Mas isso era apenas o início.

Durante a reparação, o meu pai encontrara, debaixo do pavimento junto à piscina, um antigo poço técnico de betão.

Pensou inicialmente que pertencia ao velho sistema de drenagem e fotografou-o.

No interior existia uma pequena placa metálica com um número de parcela.

Foi esse número que lhe chamou a atenção.

O meu pai consultou os registos cadastrais públicos e encontrou uma discrepância nas linhas de propriedade.

Não mexeu em nada.

Fotografou tudo, registou medidas e localizações exatas e contactou os serviços municipais responsáveis pelos terrenos.

Depois encontrou Eleanor.

A polícia não estava ali para prender Richard por causa de uma fatura não paga.

Eleanor chamara as autoridades porque, depois de ser informado da possível disputa de limites, Richard tentou impedir a entrada de um inspetor oficial e ordenou a um trabalhador que cobrisse rapidamente o antigo poço técnico com betão.

Isso transformou completamente a situação.

Um inspetor e um topógrafo entraram na propriedade.

Horas depois, as medições preliminares confirmaram o que mostravam os documentos antigos.

Cerca de um terço da piscina, parte do terraço de pedra e uma secção do pavilhão de hóspedes ultrapassavam os limites legais da propriedade de Richard.

Estavam no terreno de Eleanor.

Richard ficou branco.

— Comprámos a casa assim! Eu não sabia!

E talvez estivesse a dizer a verdade.

Mas esse não era o principal problema.

Depois de o meu pai lhe ter enviado informação sobre a possível irregularidade, Richard tentara esconder um marcador físico relacionado com a antiga divisão do terreno em vez de chamar um topógrafo.
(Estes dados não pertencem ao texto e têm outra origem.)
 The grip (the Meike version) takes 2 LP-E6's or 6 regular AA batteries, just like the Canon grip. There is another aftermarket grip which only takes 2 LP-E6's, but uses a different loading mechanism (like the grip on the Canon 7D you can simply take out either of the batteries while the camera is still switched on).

Eleanor não queria que a piscina fosse demolida.

Propôs uma solução razoável: realizar um levantamento oficial, corrigir os limites legais e negociar a venda da faixa de terreno.

Só que agora já não era Richard quem ditava as condições.
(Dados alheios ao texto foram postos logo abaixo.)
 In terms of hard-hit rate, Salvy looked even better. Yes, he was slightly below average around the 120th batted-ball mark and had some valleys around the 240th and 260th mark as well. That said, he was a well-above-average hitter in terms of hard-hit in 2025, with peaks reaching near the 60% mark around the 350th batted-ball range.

E os problemas ainda não tinham terminado.

Quando os serviços municipais começaram a verificar as licenças da piscina, descobriram que uma grande remodelação realizada anos antes não correspondia integralmente aos projetos aprovados.
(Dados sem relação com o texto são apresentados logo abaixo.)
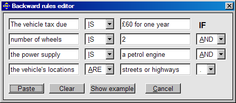 As an alternative to entering rules by typing directly into a rule window, you can select the rule editor from the Build menu. It provides a template for the syntax appropriate to the window.
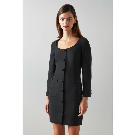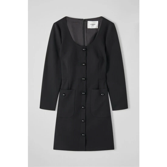 The Keeler dress is crafted in Europe from a black crepe made from a blend of fabrics including recycled polyester. It has a deep scoop neck, long sleeves, fully-functioning black dome buttons, a fitted silhouette and it falls to just below the knee.

Richard teve de contratar um advogado, um engenheiro e um topógrafo credenciado.

Foi então que Melissa se lembrou subitamente dos 7 800 dólares.

Aproximou-se do meu pai.

— Podemos simplesmente pagar-lhe e esquecer tudo isto?

O meu pai olhou para ela.

— A minha fatura e os problemas do terreno são assuntos diferentes.

Três dias depois, recebeu o pagamento integral, incluindo a penalização prevista no contrato pelo atraso.

Para mim, porém, a história ainda não tinha acabado.

Na segunda-feira, Richard chamou-me ao gabinete.

Preparei-me para ser despedida.

Ele fechou a porta.

— Tudo isto aconteceu por causa do teu pai.

Coloquei calmamente o telemóvel em cima da mesa, com o ecrã virado para cima.

— Não. O meu pai apenas fez o trabalho que vocês assinaram e concordaram pagar.

Richard olhou para o telemóvel.

Percebeu.

Depois da ameaça feita pela mulher, despedir-me naquele momento seria uma decisão extremamente imprudente.

Um mês depois, fui eu que apresentei a demissão.

Já tinha percebido que não queria construir uma carreira numa empresa onde o salário de um funcionário podia ser usado para intimidar a sua família.

O meu pai fez-me apenas uma pergunta:

— Tens a certeza?

— Absoluta.

Ele sorriu.

Eleanor acabou por vender a faixa de terreno a Richard, mas apenas depois de serem formalizados os limites e resolvidos todos os problemas relacionados com as licenças.

A transação custou-lhe muito mais do que os 7 800 dólares que inicialmente se recusara a pagar.

Quanto à pequena placa metálica que tinha iniciado toda a descoberta, Eleanor decidiu guardá-la.

Meses depois, ofereceu ao meu pai uma fotografia emoldurada da placa.

No verso escreveu:

“Um bom profissional repara aquilo que vê. Um excelente profissional repara naquilo que todos os outros ignoraram.”

O meu pai pendurou-a na oficina.

Um dia perguntei-lhe porque tinha ficado tão calmo naquela tarde em que Melissa se recusou a pagar.

Ele sorriu.

— Porque as pessoas cometem um erro quando pensam que o silêncio significa derrota.

— E naquele dia, o que significava?

O meu pai olhou para a fotografia da velha placa.

— Significava que eu já sabia uma coisa que eles ainda não sabiam.

E foi assim que uma tentativa de fugir a uma fatura de 7 800 dólares acabou por transformar aquela piscina na reparação mais cara da vida de Richard e Melissa.